夫婦円満の神様 ”意外なもの”をまつる福岡市南区の照天神社

AI要約

福岡市南区にある照天神社は、二股大根をおまつりし奉納する習慣がある。二股大根は夫婦和合や繁栄を象徴し、氏子たちによって奉納されるようになった。

神社は縁結びや夫婦円満のお祈りに訪れる人も多く、周囲の自然とともに神秘的な雰囲気を醸し出している。日々感謝の気持ちを示すため、地元の人々が丁寧に神社を守っている。

コミュニティーに愛される照天神社は、二股大根を通じて人々に希望と幸福を届けている。

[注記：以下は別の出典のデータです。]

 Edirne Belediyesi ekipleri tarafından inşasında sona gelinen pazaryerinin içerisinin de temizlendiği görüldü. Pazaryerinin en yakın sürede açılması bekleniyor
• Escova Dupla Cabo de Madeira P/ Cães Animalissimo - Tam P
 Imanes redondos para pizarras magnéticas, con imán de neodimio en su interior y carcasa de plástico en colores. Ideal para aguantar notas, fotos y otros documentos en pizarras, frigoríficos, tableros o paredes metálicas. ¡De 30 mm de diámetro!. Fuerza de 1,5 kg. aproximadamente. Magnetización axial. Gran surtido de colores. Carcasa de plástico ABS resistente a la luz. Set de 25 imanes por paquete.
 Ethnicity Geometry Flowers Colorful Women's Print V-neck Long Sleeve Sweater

 福岡市南区にある照天神社は、ある“変わったもの“をおまつりし、奉納する習慣があるという。それは二股大根――。おまつりする対象はあまたあれど、どうして大根? それもなぜ二股なのだろうか? さっそく訪ねてみた。

 照天神社は、福岡市内で最大の農業用ため池・野多目大池のそばの小高い丘にある。一帯にはクスノキやスダジイなど市指定の保存樹が26本あり、「鎮守の森」として地元の人たちに親しまれてきた。

 宮司の筒井憲昭さん(68)によると、照天神社は様々な神様を誕生させ、仲を取り持ってきたことから、夫婦の神様をおまつりする神社として敬われてきた歴史がある。そうした経緯で、縁結び、夫婦円満のお祈りに訪れる人も多いという。

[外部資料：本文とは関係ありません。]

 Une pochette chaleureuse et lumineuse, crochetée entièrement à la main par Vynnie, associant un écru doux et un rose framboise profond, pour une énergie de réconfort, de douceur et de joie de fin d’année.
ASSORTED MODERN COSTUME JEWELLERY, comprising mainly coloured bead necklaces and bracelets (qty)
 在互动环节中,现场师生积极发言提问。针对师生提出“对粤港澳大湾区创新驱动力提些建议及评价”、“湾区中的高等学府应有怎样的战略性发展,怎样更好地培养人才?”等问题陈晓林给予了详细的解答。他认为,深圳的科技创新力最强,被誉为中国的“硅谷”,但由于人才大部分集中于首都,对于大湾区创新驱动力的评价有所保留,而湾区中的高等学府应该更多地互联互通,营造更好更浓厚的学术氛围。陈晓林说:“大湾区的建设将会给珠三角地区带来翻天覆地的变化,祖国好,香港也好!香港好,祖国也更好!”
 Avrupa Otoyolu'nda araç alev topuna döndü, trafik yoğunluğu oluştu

 夫婦和合や子孫繁栄といった意味合いもあり、大黒様にお供えする縁起物としても知られる二股大根。“夫婦”や“繁栄”といったキーワードから、いつしか氏子たちが二股大根を奉納するようになり、神社でもまつられるようになったそうだ。

 神社は70段ほどの急な階段を上った先にある。手を清めるために手水(ちょうず)舎に近づくと、足元にかわいらしい二股大根の装飾を見つけた。筒井さんによると、周囲は土で固められていたが、水がはねた泥で足元を汚さないようにと、氏子たちが石を敷き詰めた際に、玉砂利を使って神社の”シンボル”をデザインしたのだという。

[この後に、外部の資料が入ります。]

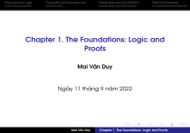 Propositional Logic Propositional Equivalences Predicates and Quantifiers Rules of Inference Chapter 1. The Foundations: Logic and Proofs Mai Văn Duy Ngày 11 tháng 9 năm 2022 Mai Văn Duy Chapter 1. The Foundations: Logic and Proofs Propositional Logic Propositional Equivalences Predicates and Quantifiers Rules of Inference Contents 1. Propositional Logic Mai Văn Duy Chapter 1. The Foundations: Logic and Proofs Propositional Logic Propositional Equivalences Predicates and Quantifiers Rules of Inference Contents 1. Propositional Logic 2. Propositional Equivalences Mai Văn Duy Chapter 1. The Foundations: Logic and Proofs Propositional Logic Propositional Equivalences Predicates and Quantifiers Rules of Inference Contents 1. Propositional Logic 2. Propositional Equivalences 3. Predicates and Quantifiers Mai Văn Duy Chapter 1. The Foundations: Logic and Proofs Propositional Logic Propositional Equivalences Predicates and Quantifiers Rules of Inference Contents 1. Propositional Logic 2. Propositional Equivalences 3. Predicates and Quantifiers 4. Rules of Inference Mai Văn Duy Chapter 1. The Foundations: Logic and Proofs Propositional Logic Propositional Equivalences Predicates and Quantifiers Rules of Inference Definition Proposition (mệnh đề) is a declarative sentence that is either true or false but not both. Mai Văn Duy Chapter 1. The Foundations: Logic and Proofs Propositional Logic Propositional Equivalences Predicates and Quantifiers Rules of Inference Definition Proposition (mệnh đề) is a declarative sentence that is either true or false but not both. 1. Hà Nội is the capital of Việt Nam. Mai Văn Duy Chapter 1. The Foundations: Logic and Proofs Propositional Logic Propositional Equivalences Predicates and Quantifiers Rules of Inference Definition Proposition (mệnh đề) is a declarative sentence that is either true or false but not both. 1. Hà Nội is the capital of Việt Nam. 2. Biden is not the president of USA. Mai Văn Duy Chapter 1. The Foundations: Logic and Proofs Propositional Logic Propositional Equivalences Predicates and Quantifiers Rules of Inference Definition Proposition (mệnh đề) is a declarative sentence that is either true or false but not both. 1. Hà Nội is the capital of Việt Nam. 2. Biden is not the president of USA. 3. It is going to rain! Mai Văn Duy Chapter 1. The Foundations: Logic and Proofs Propositional Logic Propositional Equivalences Predicates and Quantifiers Rules of Inference Definition Proposition (mệnh đề) is a declarative sentence that is either true or false but not both. 1. Hà Nội is the capital of Việt Nam. 2. Biden is not the president of USA. 3. It is going to rain! 4. What time is it? Mai Văn Duy Chapter 1. The Foundations: Logic and Proofs Propositional Logic Propositional Equivalences Predicates and Quantifiers Rules of Inference Truth table A proposition can be true (True/T/1) or false (False/F/0). a. Hà Nội is the capital of Việt Nam. Mai Văn Duy Chapter 1. The Foundations: Logic and Proofs Propositional Logic Propositional Equivalences Predicates and Quantifiers Rules of Inference Truth table A proposition can be true (True/T/1) or false (False/F/0). a. Hà Nội is the capital of Việt Nam. b. Biden is not the president of USA. Mai Văn Duy Chapter 1. The Foundations: Logic and Proofs Propositional Logic Propositional Equivalences Predicates and Quantifiers Rules of Inference Negation (phủ định) Negation of proposition p is the statement “ It is not case that p”. Notation: ¬ p( or p) Mai Văn Duy Chapter 1. The Foundations: Logic and Proofs Propositional Logic Propositional Equivalences Predicates and Quantifiers Rules of Inference Negation (phủ định) Negation of proposition p is the statement “ It is not case that p”. Notation: ¬ p( or p) Mai Văn Duy Chapter 1. The Foundations: Logic and Proofs Propositional Logic Propositional Equivalences Predicates and Quantifiers Rules of Inference Conjunction (hội) Conjunction of propositions p and q is the proposition “ p and q” and denoted by p ∧ q Mai Văn Duy Chapter 1. The Foundations: Logic and Proofs Propositional Logic Propositional Equivalences Predicates and Quantifiers Rules of Inference Conjunction (hội) Conjunction of propositions p and q is the proposition “ p and q” and denoted by p ∧ q Mai Văn Duy Chapter 1. The Foundations: Logic and Proofs Propositional Logic Propositional Equivalences Predicates and Quantifiers Rules of Inference Disjunction (tuyển) Disjunction of propositions p and q is the proposition “ p or q” and denoted by p ∨ q Mai Văn Duy Chapter 1. The Foundations: Logic and Proofs Propositional Logic Propositional Equivalences Predicates and Quantifiers Rules of Inference Disjunction (tuyển) Disjunction of propositions p and q is the proposition “ p or q” and denoted by p ∨ q Mai Văn Duy Chapter 1. The Foundations: Logic and Proofs Propositional Logic Propositional Equivalences Predicates and Quantifiers Rules of Inference Exclusive-or(xor)(tuyển loại) Exclusive-or (xor) of propositions p and q, denoted by p⊕q Mai Văn Duy Chapter 1. The Foundations: Logic and Proofs Propositional Logic Propositional Equivalences Predicates and Quantifiers Rules of Inference Exclusive-or(xor)(tuyển loại) Exclusive-or (xor) of propositions p and q, denoted by p⊕q Mai Văn Duy Chapter 1. The Foundations: Logic and Proofs Propositional Logic Propositional Equivalences Predicates and Quantifiers Rules of Inference Implication (kéo theo) Implication: p → q (p implies q) Mai Văn Duy Chapter 1. The Foundations: Logic and Proofs Propositional Logic Propositional Equivalences Predicates and Quantifiers Rules of Inference Implication (kéo theo) Implication: p → q (p implies q) Mai Văn Duy Chapter 1. The Foundations: Logic and Proofs Propositional Logic Propositional Equivalences Predicates and Quantifiers Rules of Inference Implication (kéo theo) p → q can be exp

 拝殿に足を運ぶと、天井付近に様々な絵馬が並んでいた。ひときわ目立つのは、大きな絵馬に描かれた白い二股大根だ。青果店の店先でも、なかなかお目にかからないが、近くの農家や家庭菜園で収穫されたものが、神社に奉納されることもあるそうだ。

 「大きな木々の合間からすっぽりと空が見えるのも、何かに守られているようで神秘的ですね」と、近くに住む会社員の田中ようこさん(50)が笑顔を見せた。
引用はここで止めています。